As a businessman and entrepreneur, an important aspect of voter decision-making is to be optimistic for the future. The entrepreneurial approach to decision-making has to do with vision, imagination, enthusiasm and self-confidence. The entrepreneurial thinking process understands that if new opportunities are to be successfully grasped it is important not to act based on yesterday’s logic. With an entrepreneurial approach, the voter will select the plan that is proactive and positive on the optimistic assumption that the benefits flowing from the plan will be achieved while the possible risks will be managed and any perceived downsides will be avoided. With a positive, self-confident outlook to the future, the entrepreneur will vote “yes”. From a business point of view and having regard to the advantages of a “yes” vote in attracting business to Ireland, hopefully a “yes” vote will be secured, given its potential to create jobs and attract investment from the US in particular.
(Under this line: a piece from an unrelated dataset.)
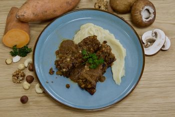 Dazu passt ein Kartoffelpüree, vegane Bratensoße und frischer Salat.

For the entrepreneurial decision maker, the issues of likely reward and possible risk go together. On the reward side, all past experience points to the fact that being a full and active member of the EU has brought substantial economic and social benefits to Ireland and its citizens. This outcome is demonstrably quantified. One only has to think of the euro in one’s pocket to understand that the EU has been beneficial for Ireland. On the possible risk side, there is a confidence that specific actions for the management and mitigation of potential risk factors can be taken to ensure the risk element can be avoided into the future. There is a clear understanding that the risk factors can only be managed from a position of influence within the process of the implementation of the decision. One cannot manage potential risk factors as a spectator looking on.
Many of the arguments against the Lisbon treaty are simply recycled versions of “no” arguments put forward during every EU referendum held since 1972. These negative arguments were ill-founded then and they are equally so now. According to Mary Lou McDonald, MEP, Sinn Féin opposes the Lisbon treaty not because its members are eurosceptics but because they are ambitious for Europe and because they believe that, collectively and democratically, Europeans can achieve great things. They claim to be pro-European while at the same time opposing this treaty.